Risk-Informed Infrastructure Planning
Climate risk data enables strategic facility planning and technology investments, optimizing our distribution network for both efficiency and resilience across multiple climate scenarios.
Market Differentiation
Being proactive in climate adaptation and sustainability reporting could strengthen relationships with pharmaceutical manufacturers, healthcare providers, and investors increasingly focused on supply chain resilience and environmental stewardship.
Transition to Climate-Resilient Operations
Understanding climate vulnerabilities guides FFF Enterprises' facility and technology investments toward more sustainable, resilient pharmaceutical distribution capabilities that protect patient access to critical therapies.

Areas for Enhanced Disclosure
Climate Scenario Analysis: Perils such as air quality impacts, storm-induced flooding, severe convective storms, and freeze events were excluded due to modeling constraints, limiting comprehensive risk assessment coverage.
Scope 3 Emissions: While Scope 1 & 2 GHG emissions are reported, Scope 3 emissions inventory is in progress.
Financial Impact: The assessment does not provide specific quantitative financial effects for many climate risks due to measurement uncertainty, insufficient historical data for pharmaceutical distribution climate impacts, and current skills/capabilities constraints. Capital expenditures for building damage are excluded from leased facility assessments due to lease structure limitations.
Adaptation Measures: The physical risk projections assume status quo conditions without accounting for planned or unplanned adaptation measures, preventing assessment of climate resilience improvements from infrastructure upgrades or protective investments.
Strategic Response Integration: The report lacks comprehensive integration between climate risks and strategic responses.

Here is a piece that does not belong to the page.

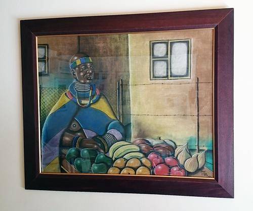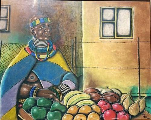Floyd is a self taught artist although he did receive some guidance from Lukas Sithole and Morningstar Motaung. He works mainly in pastel and charcoal, sometimes also in acrylic. His works often depict scenes from daily life in the township. He comments that living in the township assures that he is never short of ideas for subjects. One of the most striking qualities in Floyds work is the originality of his style and his use of bright colours.

While individual mitigation measures are identified, there is opportunity for further disclosure of how climate considerations are integrated into overall business strategy and long-term planning. This reflects how FFF Enterprises is in early-stage integration.
Metrics and Targets: The report does not include comprehensive climate-related metrics and targets, such as specific metrics for climate-related risks, opportunities, and transition planning with defined methodologies and timelines. This gap exists because systematic climate data collection is just beginning at FFF Enterprises, requiring baseline measurement systems before comprehensive target-setting can be implemented.
Plans for Future Disclosures
Comprehensive Emissions Reporting: FFF Enterprises plans to complete Scope 3 emissions inventory, utilizing the Greenhouse Gas Protocol measurement framework and improving supplier data collection processes.
Quantitative Financial Disclosure Enhancement: As skills and capabilities develop, FFF Enterprises will provide more detailed quantitative financial impact assessments, including current and anticipated effects on financial position and performance.
Integrated Climate Risk Management: Building integrated data collection systems to expand sustainability reporting capabilities and to inform climate risk metrics aligned with cross-industry metric categories.
Strategic Climate Resilience Planning: Ongoing development of climate transition plans and infrastructure resilience assessments to address climate vulnerabilities while supporting business continuity and regulatory compliance objectives.